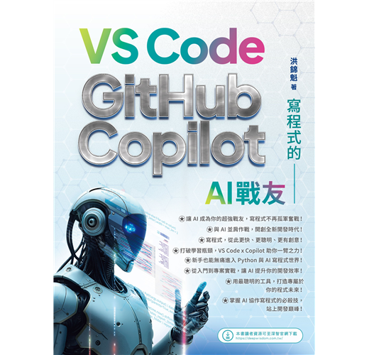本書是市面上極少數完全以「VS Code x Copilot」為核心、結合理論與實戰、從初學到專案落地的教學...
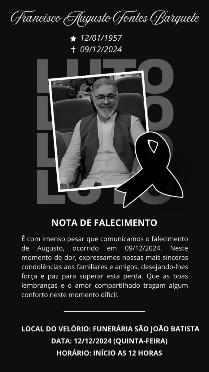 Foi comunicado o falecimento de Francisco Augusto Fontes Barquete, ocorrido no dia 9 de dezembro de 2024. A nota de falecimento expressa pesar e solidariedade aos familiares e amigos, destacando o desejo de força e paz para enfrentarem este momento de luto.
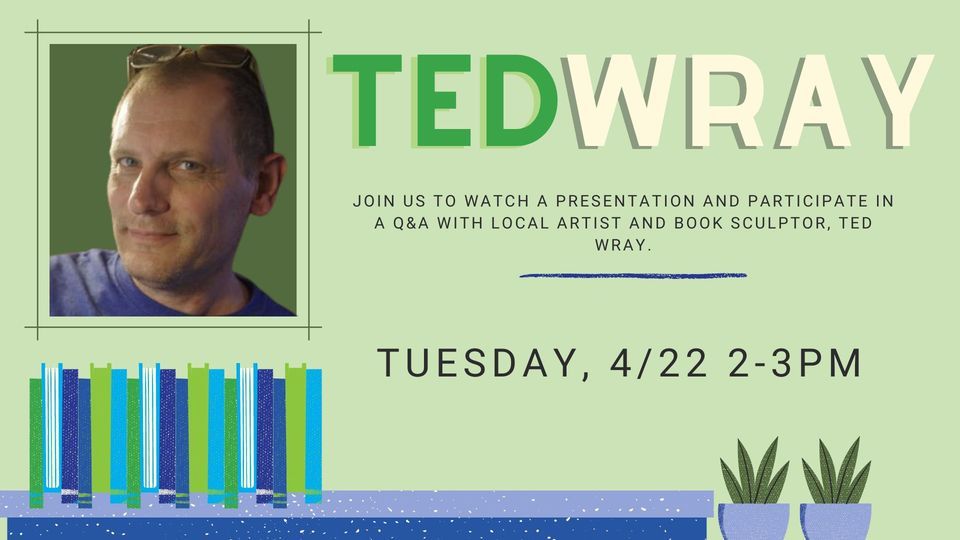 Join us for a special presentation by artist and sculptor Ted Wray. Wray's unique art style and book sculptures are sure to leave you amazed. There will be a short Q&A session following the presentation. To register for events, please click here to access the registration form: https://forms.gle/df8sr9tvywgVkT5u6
^^^^
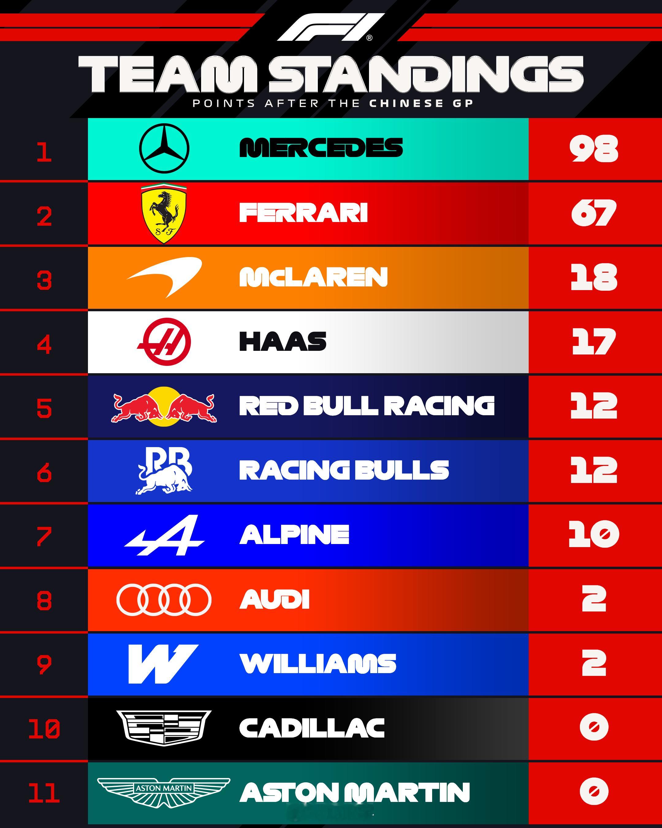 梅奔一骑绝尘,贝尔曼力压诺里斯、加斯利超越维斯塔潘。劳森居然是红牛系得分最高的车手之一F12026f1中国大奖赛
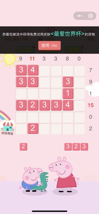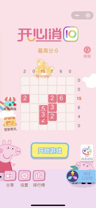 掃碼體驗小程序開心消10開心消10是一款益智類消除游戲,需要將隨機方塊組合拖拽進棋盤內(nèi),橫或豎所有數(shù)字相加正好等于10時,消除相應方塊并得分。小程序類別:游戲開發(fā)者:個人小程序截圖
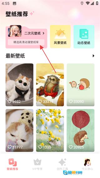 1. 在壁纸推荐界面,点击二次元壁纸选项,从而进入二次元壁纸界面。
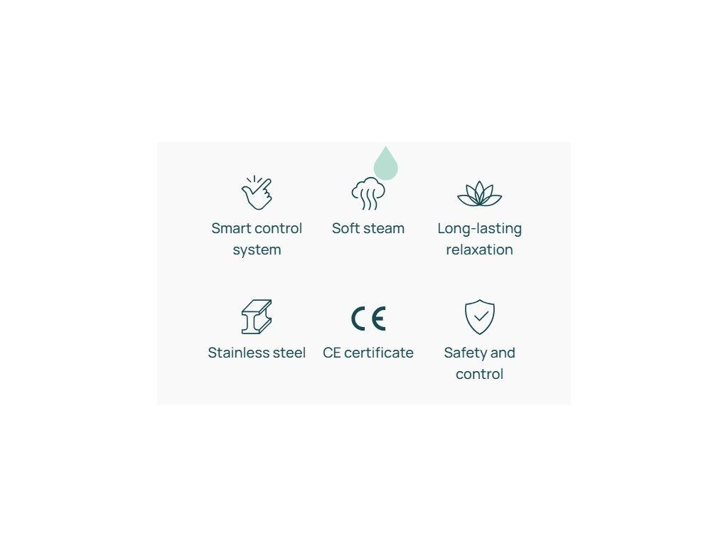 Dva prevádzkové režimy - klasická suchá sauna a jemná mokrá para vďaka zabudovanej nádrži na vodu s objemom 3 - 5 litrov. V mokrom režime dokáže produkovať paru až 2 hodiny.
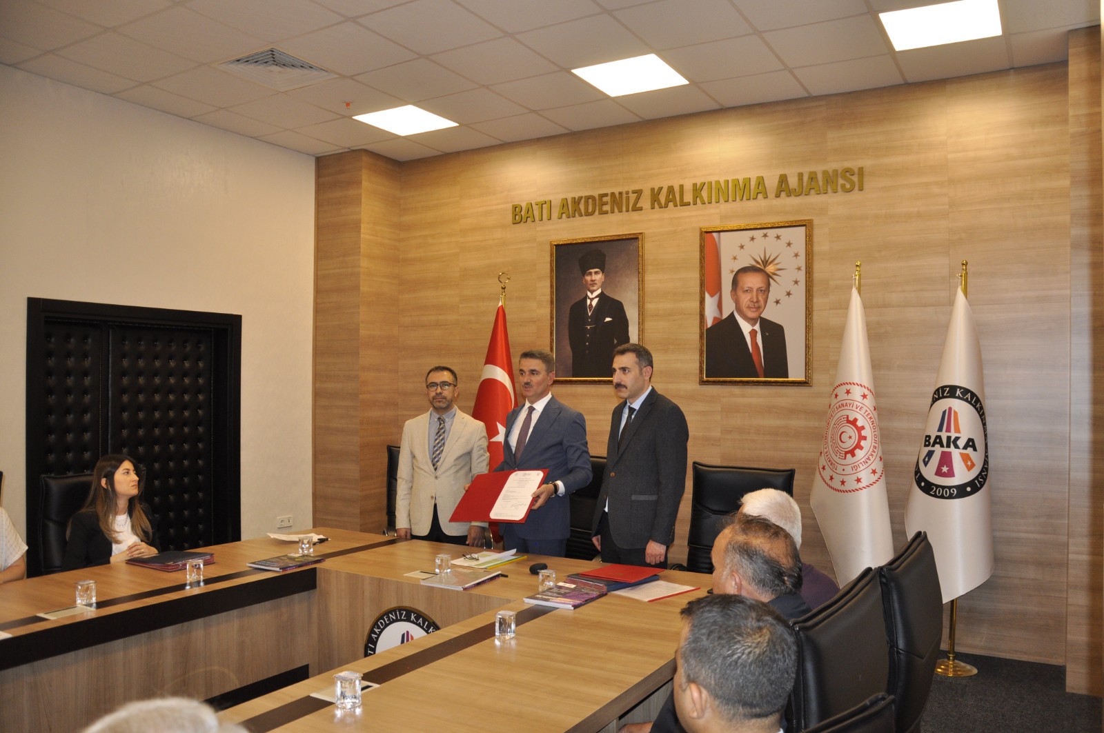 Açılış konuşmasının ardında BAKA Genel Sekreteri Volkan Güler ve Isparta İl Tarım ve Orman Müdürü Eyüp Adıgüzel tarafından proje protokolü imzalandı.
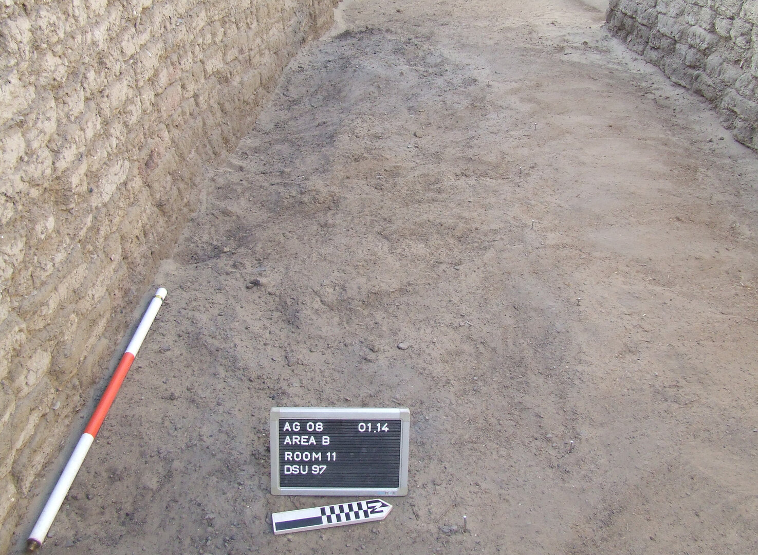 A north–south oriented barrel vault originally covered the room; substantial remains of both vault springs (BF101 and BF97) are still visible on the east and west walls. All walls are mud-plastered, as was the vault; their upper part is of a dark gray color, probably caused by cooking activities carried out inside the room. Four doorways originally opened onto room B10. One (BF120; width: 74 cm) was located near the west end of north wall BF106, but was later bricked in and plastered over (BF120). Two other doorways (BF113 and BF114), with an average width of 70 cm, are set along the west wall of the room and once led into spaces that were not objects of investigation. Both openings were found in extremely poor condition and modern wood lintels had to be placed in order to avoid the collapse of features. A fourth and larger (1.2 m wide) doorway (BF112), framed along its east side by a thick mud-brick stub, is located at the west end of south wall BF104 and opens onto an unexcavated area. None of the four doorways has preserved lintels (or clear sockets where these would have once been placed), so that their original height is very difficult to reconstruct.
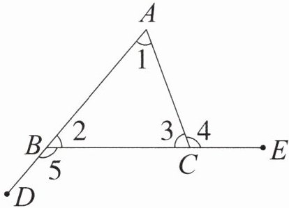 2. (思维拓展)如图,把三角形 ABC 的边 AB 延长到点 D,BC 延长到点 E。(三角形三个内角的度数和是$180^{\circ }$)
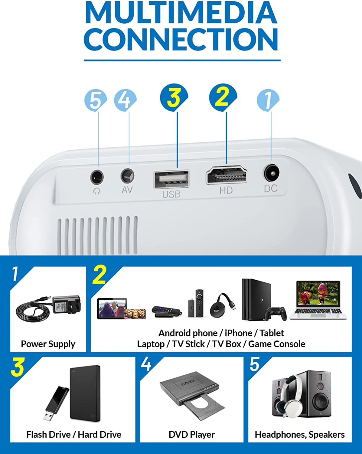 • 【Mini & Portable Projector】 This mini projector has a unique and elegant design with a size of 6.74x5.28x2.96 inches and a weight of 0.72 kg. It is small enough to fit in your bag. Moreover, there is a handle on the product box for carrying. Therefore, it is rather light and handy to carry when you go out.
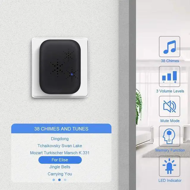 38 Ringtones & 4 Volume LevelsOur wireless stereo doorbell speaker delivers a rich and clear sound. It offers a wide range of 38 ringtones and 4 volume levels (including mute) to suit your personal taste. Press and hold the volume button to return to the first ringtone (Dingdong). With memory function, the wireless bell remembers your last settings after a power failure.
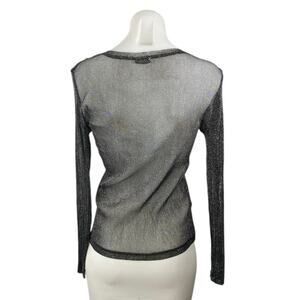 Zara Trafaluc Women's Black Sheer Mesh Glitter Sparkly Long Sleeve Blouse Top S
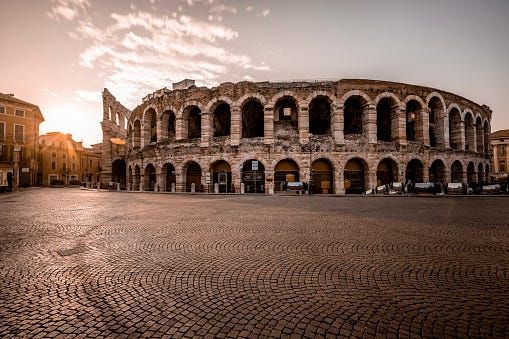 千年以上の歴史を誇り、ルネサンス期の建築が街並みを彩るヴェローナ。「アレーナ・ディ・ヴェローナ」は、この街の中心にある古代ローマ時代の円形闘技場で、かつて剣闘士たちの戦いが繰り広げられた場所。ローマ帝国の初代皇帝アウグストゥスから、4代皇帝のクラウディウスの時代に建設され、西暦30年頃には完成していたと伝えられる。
^^^^
• Prompt:
Although pictures appear among the entries, please set down only the lines from the one with "2. (思维拓展)如图,把三角形 ABC" up to and including the one with "you go out.", word for word.

• Written reply:
 2. (思维拓展)如图,把三角形 ABC 的边 AB 延长到点 D,BC 延长到点 E。(三角形三个内角的度数和是$180^{\circ }$)
 • 【Mini & Portable Projector】 This mini projector has a unique and elegant design with a size of 6.74x5.28x2.96 inches and a weight of 0.72 kg. It is small enough to fit in your bag. Moreover, there is a handle on the product box for carrying. Therefore, it is rather light and handy to carry when you go out.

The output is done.